Three years ago this month, millions of brave Egyptians were celebrating the fall of their brutal, corrupt dictator, Hosni Mubarak. To the American eye, the Arab Spring was even more remarkable than the revolutions that brought down the Soviet empire two decades earlier. It was an article of faith that the people of eastern Europe longed to be free and that communist economic mismanagement would eventually weaken those regimes; the only real surprise was the uprisings' timing. By contrast, we had been told that Arabs preferred the strong hand of despots and that many of the autocrats were "pro-Western" (which conjures images of democratic openness).
Millions of Egyptians begged to differ. In overthrowing Mubarak's military-backed regime, they sent a powerful message that humane, democratic values truly are universal and set out on a twisting path seeking a better future. But today, that journey is still nowhere near its end, despite the recent referendum on yet another constitution drafted by a narrow committee to entrench those in power and the all-but-certain accession of Minister of Defense Field Marshal Abdel Fattah al-Sisi to the presidency.
As the world's most powerful democracy and a large aid donor, the United States was uniquely positioned to support the Egyptian people's quest. Instead, our response has been remarkably short-sighted and always a step behind.
When the Egyptian people first streamed into the streets and saw hundreds of peaceful demonstrators killed, the administration was slow to embrace the democracy movement: Vice President Joe Biden insisted that President Mubarak was not a dictator. When a military junta replaced Mr. Mubarak, continued his repressive policies and cooperated with Islamists to exclude secular democrats, we embraced them warmly and continued arms shipments. Observers noted the bitter irony that democracy activists were donning Chinese-made gas masks to protect themselves from "Made in USA" tear gas shells. When Egyptians narrowly chose an Islamist president in elections from which the junta excluded secular democrats, we kept our distance from the new administration. We eventually warmed up to President Mohammed Morsi — just as his machine-style politics, economic mismanagement and continued oppression of secular democrats were turning the Egyptian people against him.
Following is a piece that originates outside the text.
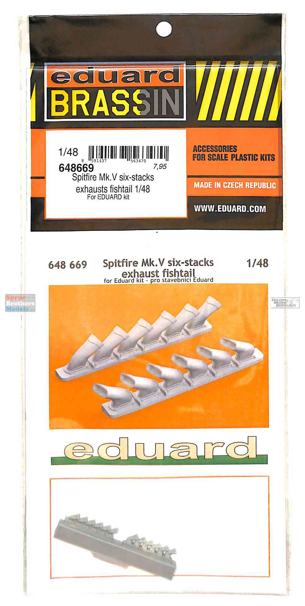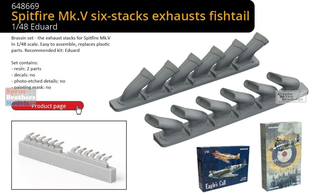 EDU648669 1:48 Eduard Brassin Spitfire Mk.V Six-Stacks Exhausts Fishtail (EDU Kit)
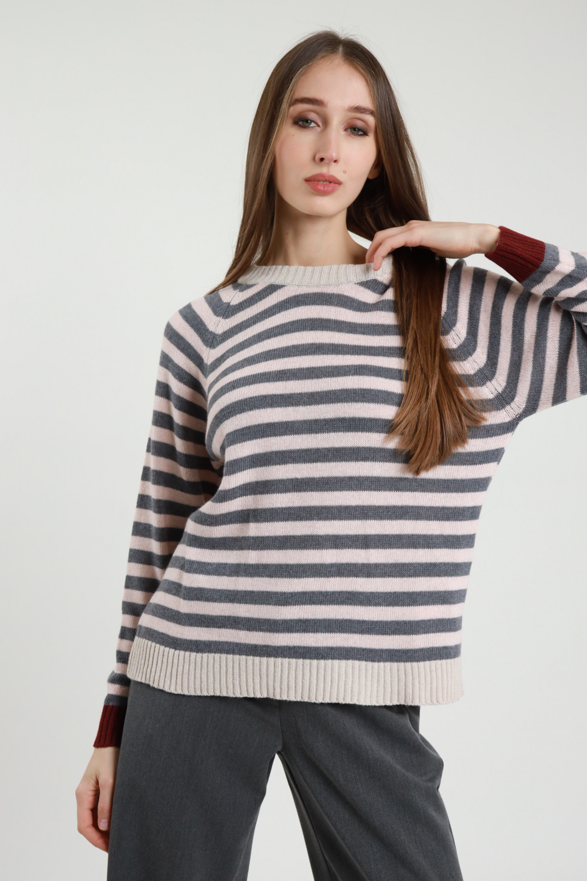 High Neck Pullover with Braids on the Front and Ribbed Hems. 45%ac 29%po 26%ny

The 30 million Egyptians who took to the streets over the summer to demand Mr. Morsi's ouster made up what was likely the largest political demonstration anywhere ever — and this from a people who less than three years earlier the West had dismissed as utterly passive. Yet rather than embracing this remarkable exercise in popular democracy, we have gotten bogged down in an absurd debate over whether what happened was a second revolution or a coup. It was both. Just as the French Revolution was a genuine outpouring of popular yearning for freedom that Robespierre later hijacked into a dictatorship, so too were last summer's mass demonstrations a genuine expression of popular will that Defense Minister al-Sisi is co-opting to install himself as president of a reconstituted authoritarian regime.
For the most powerful man in Egypt, Marshal al-Sisi is acting remarkably scared. Not content with overthrowing the Muslim Brotherhood, his regime is concocting ever-more-bizarre conspiracy theories to justify killings of well over 1,000 peaceful pro-Morsi demonstrators, mass arrests of others, show trials and the jailing of numerous independent journalists. He also has locked up most prominent secular democrats — including Ahmed Maher, Egypt's George Washington — on equally preposterous charges.
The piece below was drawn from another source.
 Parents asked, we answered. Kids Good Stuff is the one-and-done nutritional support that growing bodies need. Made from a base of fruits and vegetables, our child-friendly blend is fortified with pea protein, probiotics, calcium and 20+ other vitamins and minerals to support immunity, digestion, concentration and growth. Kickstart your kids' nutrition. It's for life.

The near-term prospects are undeniably bleak. With mass unemployment and a moribund economy, the Egyptian people seem inclined to give Marshal al-Sisi an opportunity to turn things around. He will face great difficulty doing so, however, because so much of the Egyptian economy is owned by the military, his base of power. The other generals seem unlikely to accept passively new competition with their businesses. The long standing tradition of using state power to harass businesses owned by the regime's critics will similarly obstruct economic progress. Gulf money can and probably will buy Marshal al-Sisi some breathing space, but sooner rather than later the Egyptian people are likely to rise up again.
So what now? Many of our best opportunities are behind us. Our repeated opportunistic embrace of opponents of democracy has badly tarnished our image on the Egyptian street, while Gulf money and Chinese and Russian offers of arms have reduced our leverage sharply. Any grand U.S. scheme to pick winners in Egypt will surely backfire. But we can and should keep steady pressure on Marshal al-Sisi to release secular democrats and leave open a space for genuine political discourse. And we can redirect our aid to support reviving the Egyptian economy rather than further enriching the generals.